Genre: Science Fiction
Themes: Virtual Reality, Utopias, Puzzles & Video Games
What was once required reading at Oculus VR is now primed for Hollywood, scheduled for release on the big screen in 2018 by Steven Spielberg.
Ernest Cline’s 2011 science fiction epic, Ready Player One, is a delightful journey down memory lane—that is, if you were lucky enough to be kicking around during the 80s.
What at first might seem like just another dystopian novel (Cline’s book opens on an impoverished and wasting civilization in a not-so-distant future in which nearly everyone has retreated into the comforts of virtual reality) quickly turns into an ardent tribute to “the decade of decadence,” a special time of imagination, science, speculation, adventure, and yes, neon.
Chock full of references from that delectable decade, Ready Player One conjures up memories of things long-forgotten, like arcade game “cabinets,” simulated wood grain, hidden “easter eggs”, BASIC computer language, Joust Atari 2600, and mustard-colored carpet. The images are so vivid that the reader, given they spent any amount of time in the 80s at all, is left wondering how they ever could have forgotten them.
A book written by what could only be a serious gamer—or a very proud nerd--Ready Player One acts as a time machine with the power to transport you back in time to the small living room in your childhood home playing Dungeons & Dragons with your older brother (or maybe that’s just me).

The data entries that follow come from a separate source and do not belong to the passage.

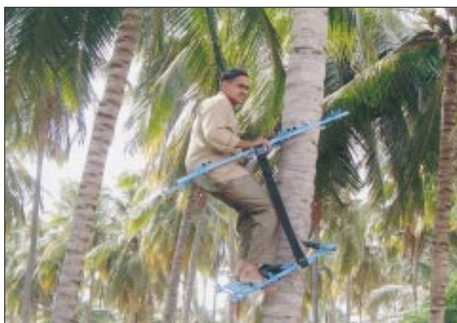
With tree climber the operator can safely climb a tree of 10 m height in 1.5 minutes

Tree climber: TNAU, Coimbatore Centre of AICRP on FIM has developed a tree climber free from any accident risk during its operation. The climber made of MS square pipe consists of two components. The components are connected by adjustable belts. The upper component is provided with a seating arrangement and lower component is having provision for holding the foot.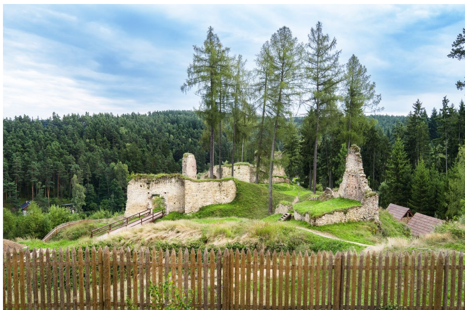
An overall view of the castle.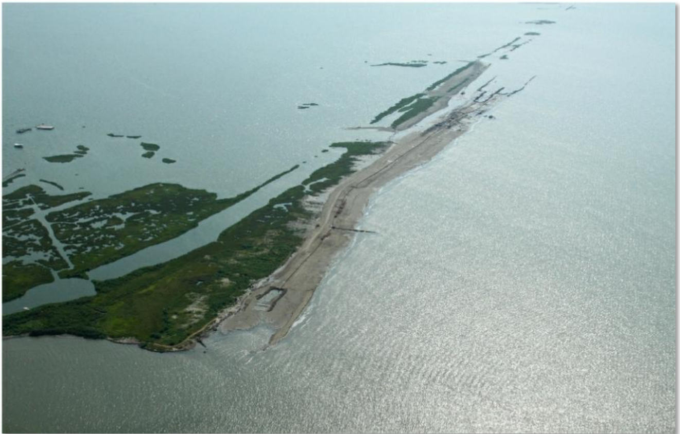
W9 Berm – August 10, 2010

Shaw Environmental & Infrastructure Group

“I felt like a kid standing in the world’s greatest video arcade without any quarters…”
“Since then, we’d used Street Fighter II to settle our disputes.”
“I could feel it, deep in the soft, chewy caramel center of my being.”
“When I reached the bar, I ordered a Pan-Galactic Gargle Blaster from the female Klingon bartender and downed half of it.”
“Just like that, I became a dancing fool.”
“My bullet bill this month was going to be huge.”
“I’d never held an actual guitar, but on a virtual axe, I could totally shred.”
“It’s time for me to blow this pop stand.”